▸ Instructions for the task
Could you set down the lines below, from the one containing "The shirt stands" through the final line, exactly as written?

Excerpts from a dataset
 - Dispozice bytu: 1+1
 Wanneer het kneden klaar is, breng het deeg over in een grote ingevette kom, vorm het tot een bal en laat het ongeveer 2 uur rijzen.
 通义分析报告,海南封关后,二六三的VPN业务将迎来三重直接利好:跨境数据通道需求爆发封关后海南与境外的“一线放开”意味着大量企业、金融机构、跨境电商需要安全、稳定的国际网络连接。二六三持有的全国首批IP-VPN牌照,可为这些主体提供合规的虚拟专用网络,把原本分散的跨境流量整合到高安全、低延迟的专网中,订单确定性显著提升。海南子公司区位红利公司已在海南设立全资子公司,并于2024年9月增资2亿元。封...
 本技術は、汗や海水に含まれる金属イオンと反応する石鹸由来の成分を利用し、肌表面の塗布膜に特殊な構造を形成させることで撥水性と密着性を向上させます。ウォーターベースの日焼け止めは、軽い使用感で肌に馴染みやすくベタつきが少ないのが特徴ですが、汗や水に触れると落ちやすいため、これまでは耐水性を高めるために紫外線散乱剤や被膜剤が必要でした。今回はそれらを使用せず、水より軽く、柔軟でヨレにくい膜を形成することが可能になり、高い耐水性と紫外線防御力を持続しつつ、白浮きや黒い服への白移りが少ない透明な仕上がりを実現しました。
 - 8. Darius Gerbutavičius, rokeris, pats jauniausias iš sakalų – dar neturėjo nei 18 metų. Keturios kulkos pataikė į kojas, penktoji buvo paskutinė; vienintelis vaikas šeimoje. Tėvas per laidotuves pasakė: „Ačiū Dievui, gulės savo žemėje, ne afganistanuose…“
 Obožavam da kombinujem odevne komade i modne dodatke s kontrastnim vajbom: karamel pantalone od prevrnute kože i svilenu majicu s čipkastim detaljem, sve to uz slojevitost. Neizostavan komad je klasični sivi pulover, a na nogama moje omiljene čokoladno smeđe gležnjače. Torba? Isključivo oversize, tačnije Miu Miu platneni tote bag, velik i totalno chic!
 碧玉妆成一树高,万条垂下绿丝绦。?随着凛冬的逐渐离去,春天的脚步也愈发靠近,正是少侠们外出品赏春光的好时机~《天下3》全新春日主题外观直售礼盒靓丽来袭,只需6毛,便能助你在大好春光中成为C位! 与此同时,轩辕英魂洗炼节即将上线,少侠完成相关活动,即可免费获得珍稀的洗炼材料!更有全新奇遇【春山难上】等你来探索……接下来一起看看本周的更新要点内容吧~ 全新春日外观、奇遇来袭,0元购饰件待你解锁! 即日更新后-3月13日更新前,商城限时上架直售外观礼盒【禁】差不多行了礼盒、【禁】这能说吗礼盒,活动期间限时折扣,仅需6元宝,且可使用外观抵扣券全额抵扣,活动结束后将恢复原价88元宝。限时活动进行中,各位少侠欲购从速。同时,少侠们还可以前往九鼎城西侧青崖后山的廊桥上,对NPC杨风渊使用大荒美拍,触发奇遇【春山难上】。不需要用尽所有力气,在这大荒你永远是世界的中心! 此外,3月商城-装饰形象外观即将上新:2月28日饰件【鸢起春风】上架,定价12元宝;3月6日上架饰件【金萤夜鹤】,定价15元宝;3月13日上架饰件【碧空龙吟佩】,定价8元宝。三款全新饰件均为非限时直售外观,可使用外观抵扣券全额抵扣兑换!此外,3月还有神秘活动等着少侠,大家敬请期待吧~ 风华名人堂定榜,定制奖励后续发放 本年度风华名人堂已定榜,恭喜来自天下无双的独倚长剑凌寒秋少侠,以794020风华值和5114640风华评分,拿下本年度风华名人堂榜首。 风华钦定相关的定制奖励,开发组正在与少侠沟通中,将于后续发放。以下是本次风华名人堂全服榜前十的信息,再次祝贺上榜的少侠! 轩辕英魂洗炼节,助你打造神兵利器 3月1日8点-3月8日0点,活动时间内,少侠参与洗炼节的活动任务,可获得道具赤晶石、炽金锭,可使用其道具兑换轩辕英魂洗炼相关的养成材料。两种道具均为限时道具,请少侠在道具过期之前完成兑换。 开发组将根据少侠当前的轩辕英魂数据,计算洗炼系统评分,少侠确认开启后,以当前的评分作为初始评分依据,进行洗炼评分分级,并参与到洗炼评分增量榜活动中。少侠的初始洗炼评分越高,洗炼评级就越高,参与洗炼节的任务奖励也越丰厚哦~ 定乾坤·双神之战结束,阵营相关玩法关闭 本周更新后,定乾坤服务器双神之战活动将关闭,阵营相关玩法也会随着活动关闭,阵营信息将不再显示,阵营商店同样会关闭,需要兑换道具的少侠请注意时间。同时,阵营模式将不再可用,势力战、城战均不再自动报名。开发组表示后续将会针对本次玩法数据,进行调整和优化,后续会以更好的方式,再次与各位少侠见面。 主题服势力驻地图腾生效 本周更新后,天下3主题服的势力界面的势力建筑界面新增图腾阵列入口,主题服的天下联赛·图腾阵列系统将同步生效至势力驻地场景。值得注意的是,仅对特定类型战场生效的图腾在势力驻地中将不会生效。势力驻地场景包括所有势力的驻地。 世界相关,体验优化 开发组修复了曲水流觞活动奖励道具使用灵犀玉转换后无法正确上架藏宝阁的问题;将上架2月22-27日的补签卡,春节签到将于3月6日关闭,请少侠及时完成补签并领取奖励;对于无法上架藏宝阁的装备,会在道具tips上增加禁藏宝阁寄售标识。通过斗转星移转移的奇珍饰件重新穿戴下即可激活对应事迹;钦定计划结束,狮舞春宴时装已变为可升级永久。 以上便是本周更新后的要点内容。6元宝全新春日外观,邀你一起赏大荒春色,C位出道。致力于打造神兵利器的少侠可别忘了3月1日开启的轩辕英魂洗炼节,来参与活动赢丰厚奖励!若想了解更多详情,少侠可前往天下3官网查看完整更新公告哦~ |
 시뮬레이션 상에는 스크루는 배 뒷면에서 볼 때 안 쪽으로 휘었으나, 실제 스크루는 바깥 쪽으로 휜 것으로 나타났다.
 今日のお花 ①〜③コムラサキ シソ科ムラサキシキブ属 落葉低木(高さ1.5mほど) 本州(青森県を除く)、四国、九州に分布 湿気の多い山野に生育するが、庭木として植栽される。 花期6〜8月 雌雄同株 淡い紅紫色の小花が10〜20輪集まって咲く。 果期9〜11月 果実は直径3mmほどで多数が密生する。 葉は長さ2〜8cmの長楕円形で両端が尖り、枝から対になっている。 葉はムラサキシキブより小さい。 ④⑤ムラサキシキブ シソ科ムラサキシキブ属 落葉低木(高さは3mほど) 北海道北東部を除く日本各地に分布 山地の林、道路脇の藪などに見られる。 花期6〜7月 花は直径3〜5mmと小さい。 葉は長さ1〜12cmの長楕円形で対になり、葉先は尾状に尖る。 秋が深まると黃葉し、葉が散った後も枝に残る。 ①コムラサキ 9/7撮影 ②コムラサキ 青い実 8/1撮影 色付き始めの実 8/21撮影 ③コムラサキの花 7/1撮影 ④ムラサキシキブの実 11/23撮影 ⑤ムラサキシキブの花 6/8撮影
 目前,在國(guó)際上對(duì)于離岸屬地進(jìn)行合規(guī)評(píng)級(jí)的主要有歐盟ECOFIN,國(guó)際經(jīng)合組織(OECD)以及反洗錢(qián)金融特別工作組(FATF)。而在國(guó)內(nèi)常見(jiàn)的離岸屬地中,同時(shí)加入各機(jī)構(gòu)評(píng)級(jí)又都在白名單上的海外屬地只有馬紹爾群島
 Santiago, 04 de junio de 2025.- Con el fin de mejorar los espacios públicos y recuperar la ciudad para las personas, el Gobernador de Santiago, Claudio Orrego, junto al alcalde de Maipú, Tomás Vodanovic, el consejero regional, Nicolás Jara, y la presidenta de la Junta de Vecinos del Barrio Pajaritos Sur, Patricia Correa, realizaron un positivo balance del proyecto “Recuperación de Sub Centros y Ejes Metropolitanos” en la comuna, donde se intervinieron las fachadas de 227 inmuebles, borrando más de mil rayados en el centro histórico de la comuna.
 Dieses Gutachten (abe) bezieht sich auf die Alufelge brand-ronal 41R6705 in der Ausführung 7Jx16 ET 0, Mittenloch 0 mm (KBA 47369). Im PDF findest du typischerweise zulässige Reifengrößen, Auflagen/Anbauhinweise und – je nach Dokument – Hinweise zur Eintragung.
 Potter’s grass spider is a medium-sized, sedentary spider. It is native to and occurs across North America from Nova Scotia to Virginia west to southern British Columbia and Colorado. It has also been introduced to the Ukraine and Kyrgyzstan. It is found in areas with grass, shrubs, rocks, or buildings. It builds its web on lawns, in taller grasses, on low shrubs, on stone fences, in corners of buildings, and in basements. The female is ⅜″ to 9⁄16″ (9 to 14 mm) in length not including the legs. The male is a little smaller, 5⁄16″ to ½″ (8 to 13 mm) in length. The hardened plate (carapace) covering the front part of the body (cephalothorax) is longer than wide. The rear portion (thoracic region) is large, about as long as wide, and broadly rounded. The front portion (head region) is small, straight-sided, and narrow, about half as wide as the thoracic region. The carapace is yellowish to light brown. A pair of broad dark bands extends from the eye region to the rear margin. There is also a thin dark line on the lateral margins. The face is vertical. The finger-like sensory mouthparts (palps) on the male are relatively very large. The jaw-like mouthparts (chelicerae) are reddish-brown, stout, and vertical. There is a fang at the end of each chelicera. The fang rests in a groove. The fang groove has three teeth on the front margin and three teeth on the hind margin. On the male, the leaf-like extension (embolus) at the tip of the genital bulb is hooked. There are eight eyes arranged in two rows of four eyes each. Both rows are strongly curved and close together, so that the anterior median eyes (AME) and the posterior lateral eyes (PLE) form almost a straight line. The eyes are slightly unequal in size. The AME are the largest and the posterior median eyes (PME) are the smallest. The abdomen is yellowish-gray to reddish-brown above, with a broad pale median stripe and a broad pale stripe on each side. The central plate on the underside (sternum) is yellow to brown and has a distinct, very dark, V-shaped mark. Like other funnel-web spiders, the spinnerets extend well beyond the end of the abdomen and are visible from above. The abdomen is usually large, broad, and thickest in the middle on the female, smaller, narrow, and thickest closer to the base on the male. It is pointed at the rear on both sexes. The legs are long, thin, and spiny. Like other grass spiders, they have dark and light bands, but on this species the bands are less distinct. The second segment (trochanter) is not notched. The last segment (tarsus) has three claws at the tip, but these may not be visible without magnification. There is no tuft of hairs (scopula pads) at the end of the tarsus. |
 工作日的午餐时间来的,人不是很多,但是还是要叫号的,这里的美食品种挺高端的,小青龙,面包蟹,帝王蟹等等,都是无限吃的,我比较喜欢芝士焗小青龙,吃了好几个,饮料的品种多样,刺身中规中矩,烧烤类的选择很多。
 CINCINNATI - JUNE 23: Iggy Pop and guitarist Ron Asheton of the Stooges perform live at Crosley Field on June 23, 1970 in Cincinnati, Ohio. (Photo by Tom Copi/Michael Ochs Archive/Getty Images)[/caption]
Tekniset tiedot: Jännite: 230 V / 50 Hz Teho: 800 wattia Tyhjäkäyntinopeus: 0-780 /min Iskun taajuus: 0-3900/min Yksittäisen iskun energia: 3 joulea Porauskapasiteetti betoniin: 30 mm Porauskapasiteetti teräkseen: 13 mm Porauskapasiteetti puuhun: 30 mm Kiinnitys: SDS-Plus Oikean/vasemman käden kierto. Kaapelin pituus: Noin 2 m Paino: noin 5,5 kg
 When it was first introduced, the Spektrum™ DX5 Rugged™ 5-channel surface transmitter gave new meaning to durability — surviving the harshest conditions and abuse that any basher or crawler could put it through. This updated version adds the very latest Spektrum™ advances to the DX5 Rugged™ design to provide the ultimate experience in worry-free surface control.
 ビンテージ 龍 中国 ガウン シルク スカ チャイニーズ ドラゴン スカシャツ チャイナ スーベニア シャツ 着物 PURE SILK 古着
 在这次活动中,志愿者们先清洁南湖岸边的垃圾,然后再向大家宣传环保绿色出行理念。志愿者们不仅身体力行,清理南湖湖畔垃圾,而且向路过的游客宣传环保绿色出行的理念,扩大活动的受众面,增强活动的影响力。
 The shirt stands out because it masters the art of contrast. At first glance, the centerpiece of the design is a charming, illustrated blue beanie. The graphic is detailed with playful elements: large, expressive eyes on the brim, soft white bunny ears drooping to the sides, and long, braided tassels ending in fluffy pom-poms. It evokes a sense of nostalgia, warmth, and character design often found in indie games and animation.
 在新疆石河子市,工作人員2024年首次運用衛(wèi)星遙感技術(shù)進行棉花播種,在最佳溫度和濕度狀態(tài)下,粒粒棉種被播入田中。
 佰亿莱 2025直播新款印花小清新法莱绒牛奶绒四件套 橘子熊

▸ Answer space
 The shirt stands out because it masters the art of contrast. At first glance, the centerpiece of the design is a charming, illustrated blue beanie. The graphic is detailed with playful elements: large, expressive eyes on the brim, soft white bunny ears drooping to the sides, and long, braided tassels ending in fluffy pom-poms. It evokes a sense of nostalgia, warmth, and character design often found in indie games and animation.
 在新疆石河子市,工作人員2024年首次運用衛(wèi)星遙感技術(shù)進行棉花播種,在最佳溫度和濕度狀態(tài)下,粒粒棉種被播入田中。
 佰亿莱 2025直播新款印花小清新法莱绒牛奶绒四件套 橘子熊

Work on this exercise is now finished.